These spots were picked up by some other stations, such as Chicago's WDAI in its progressive/underground days c. 1971.

Other spots were for the "White Rose and Lilac Virginity Restoration Clinic" and "WEBN's Tree Frog Beer". (starting out as "The Sleezy People's Beer" and then years later with "It doesn't taste like much but it sure gets you there faster"), and a spoof on the Rambo movies entitled "Sambo: Real Blood Part Four" featuring an African-American superhero driving a rescue Cadillac and yelling "Hey Chin Ho, Ronnie Reagan says you can kiss his white butt!" before a jet fly-over drowns out the last word. A crossover between these spots in fantasy and reality occurred in 1972 when Hudepohl Beer allowed some of its product for the Cincinnati area to be wrapped in faux labels for "WEBN's Tree Frog Beer; The Sleezy People's Beer", featuring Tree B. Frog and his best friend Tyrone Z. Dragonfly who soon became household mascots for the station. The station markets t-shirts and sweaters with the station's longtime mascot Tree B. Frog for August just before their annual fireworks show, as well in December with a holiday version.

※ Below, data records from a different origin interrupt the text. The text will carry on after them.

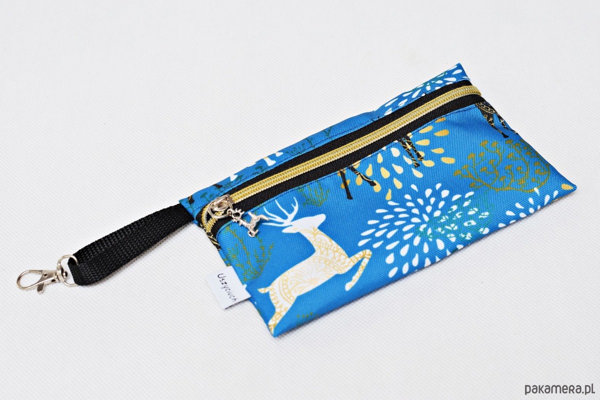 Etui, saszetka na klucze, na telefon lub na drobiazgi uszyte z wodoodpornej tkaniny. Saszetka posiada karabińczyk do którego możesz przyczepić np. klucze i schować je do środka. Sprawdzi się też idealnie jako saszetka do torebki.
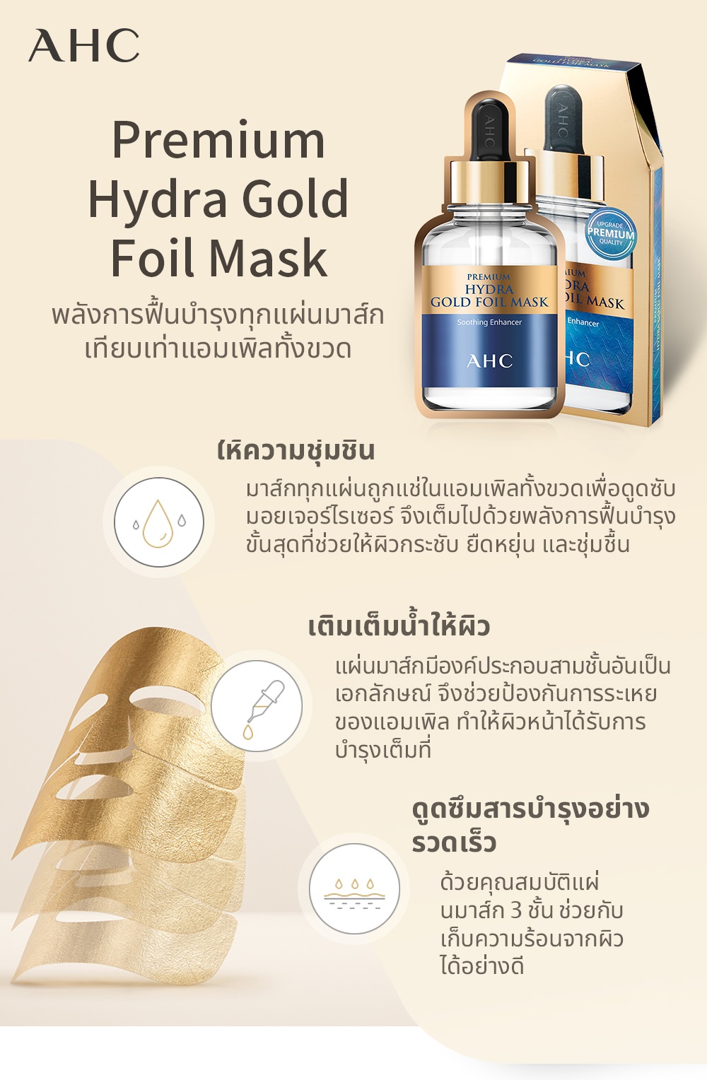 AHC Premium Hydra Gold Foil Mask แผ่นมาส์กทองคำ
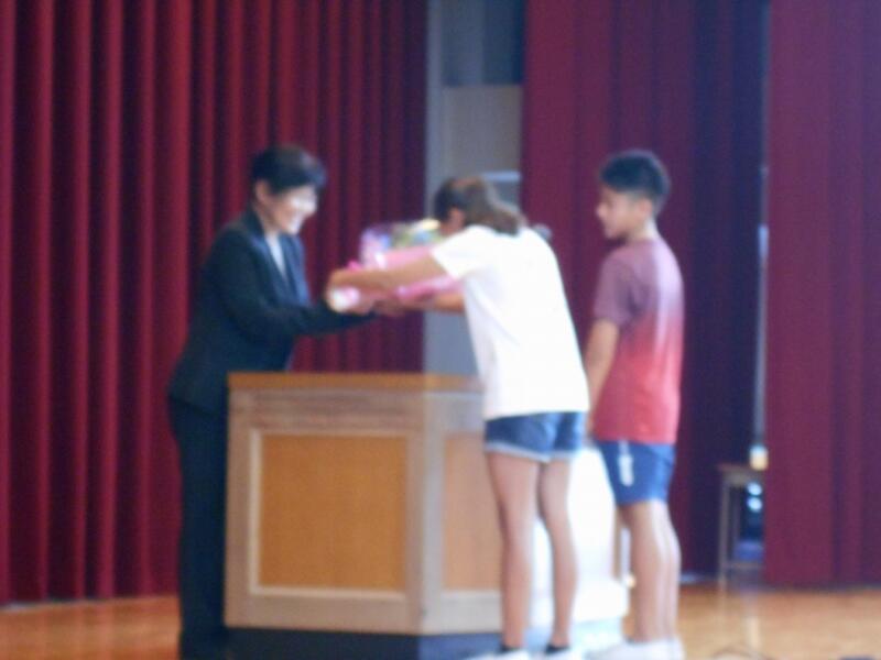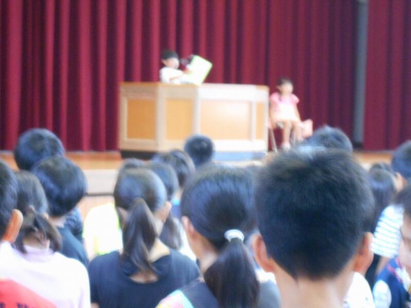 終業式では、代表として1年生と3年生の児童が、1学期を振り返って作文を発表しました。二人とも勉強や友達づくりを頑張り、充実した1学期を過ごすことができたようです。
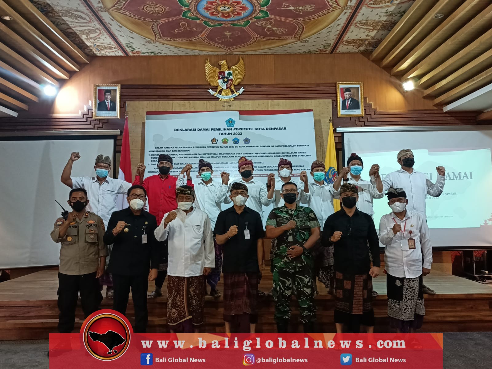 Walikota Denpasar, IGN Jaya Negara, menghadiri Deklarasi Damai Pemilihan Perbekel (Pilkel) periode 2022-2028 yang dilaksanakan di Graha Sewaka Dharma Lumintang Denpasar, Jumat (9/9/2022).
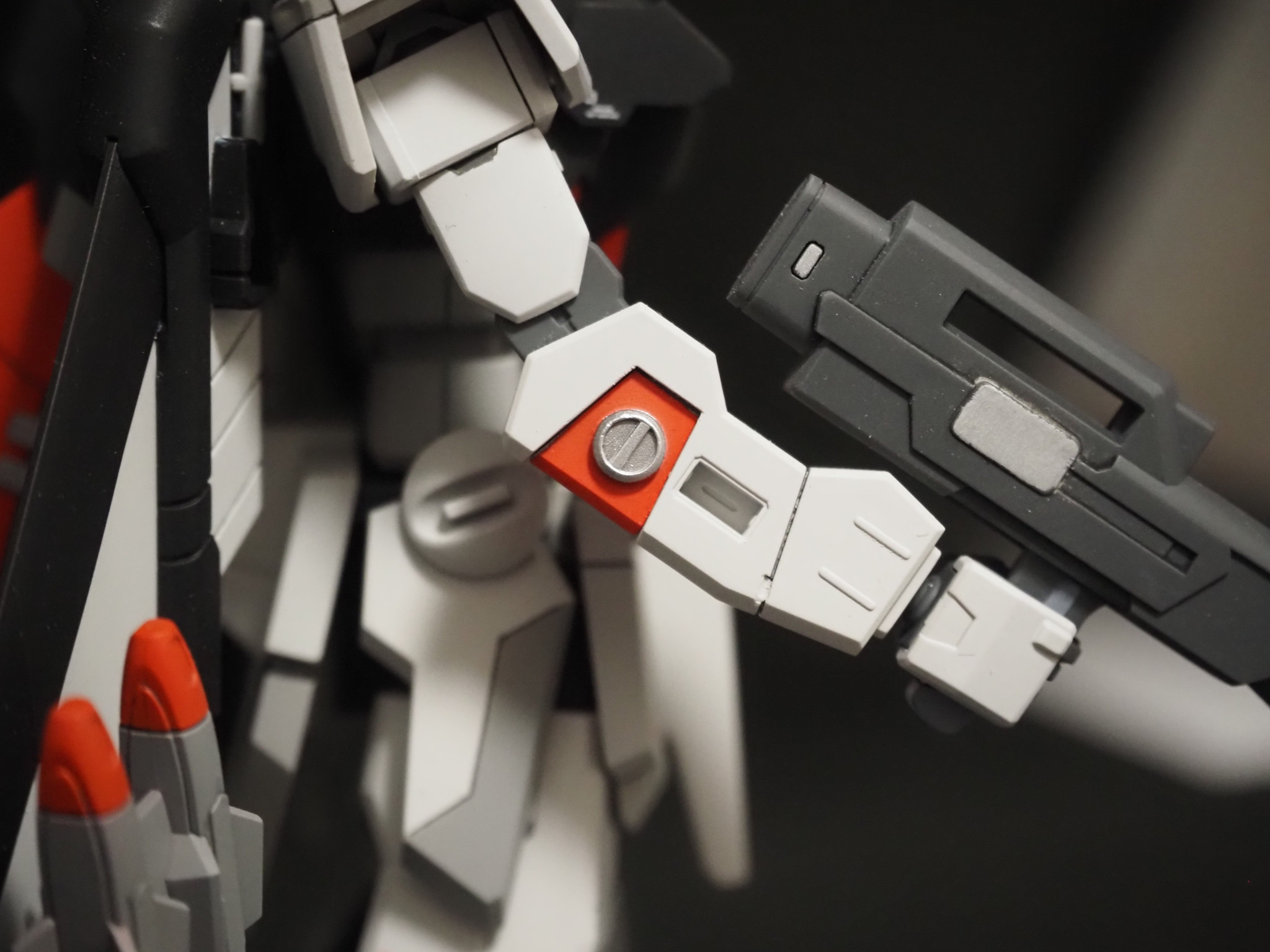 肘のだるい凸ディテールはヤスリで削り落とし、別パーツを接着しました。
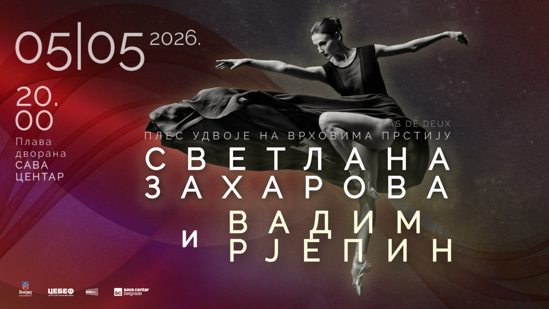 Svetlana Zaharova, jedina aktivna igračica koja nosi titulu prima ballerina assoluta i njen suprug, ugledni violinista Vadim Rjepin predstaviće beogradskoj publici svoju hit predstavu "Pas de deux - Ples udvoje na vrhovima prstiju" 5. maja u Sava centru.
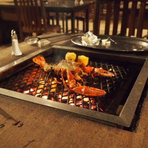 調理の仕方がわからず、とりあえずロブスターを網の上に乗せていたら、スタッフの方が前を通ったときに調理し始めてくれて、バター、レモンをかけてもらって食べました。
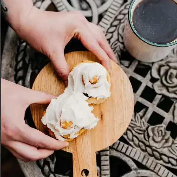 Six count pack of Stone Mill’s challah cinnamon rolls with buttercreme icing.
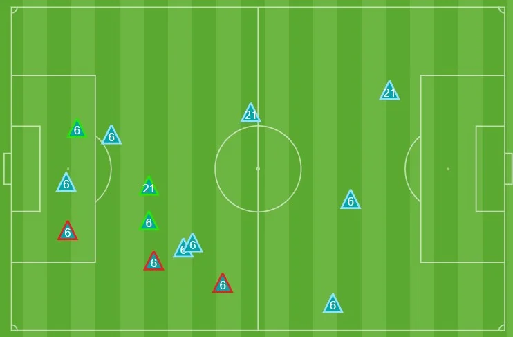 Ще один спосіб розтягнути блок "гірників" втілювали центрбеки. Виманювання пасивним контролем м'яча на себе перші дві лінії пресингу українців, коли форварди залишаються у високих позиціях і тримають поруч лінію оборони. Так виникали розриви у центрі поля.
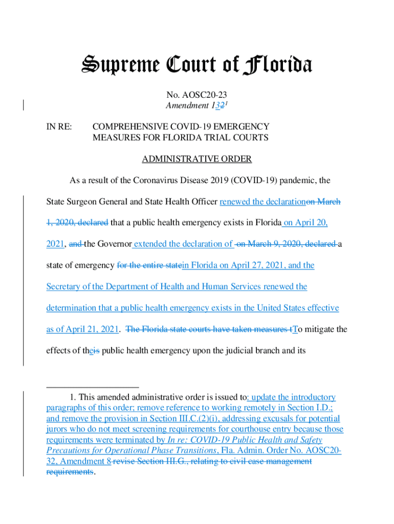 Supreme Court of Florida No. AOSC2023 Amendment 1321 IN RE:COMPREHENSIVE COVID-19 EMERGENCY MEASURES FOR FLORIDA TRIAL COURTS ADMINISTRATIVE Orders a result of the Coronavirus Disease 2019 (COVID-19)

The tag line for Brute Force Cybernetics was "The company that creates a need and then fills it." The station began referring to itself with monikers, mottos, and slogans like, "RRRRRRIBBIT!", "Radio That Makes You Feel Good!", "For Something Different On Your Radio...", "Lighten Up!", "A Different Kind Of A Radio Station", "The Rock 'N' Roll Station", "The Classic Rock 'N' Roll Station", "Rockin' Stereo!", "Cincinnati's Undisputed Champion Of Rock 'N' Roll!", "The Last Great Untamed Radio Station In North America!", "WEBN Rocks Cincinnati!", "Good, Clean, Fun!", "Turn Us On, Tune Us In, And Crank It Up!", "Frog 'Em!", "It Must Be WEBN!", "Go Rock Yourself!", "Shut Up And Rock!", "It's Not Just The Size, It's The Frequency", "OutFrogRageous!", "No Pussies Allowed", "Cincinnati's Rock Station And The Home Of The Kidd Chris Show!", "Step Aside Small Change!", "The World's Greatest Rock 'N' Roll Station!","WEBN, The Lunatic Fringe", and the updated 1988 version "The Lunatic Fringe Of American FM", these 2 slogans come from Red Rider's iconic song "The Lunatic Fringe".

===Local artists===
WEBN was always passionate about promoting local artists. Also, the concept of national artists (who happened to be in town for shows) performing live in the radio studio began at WEBN.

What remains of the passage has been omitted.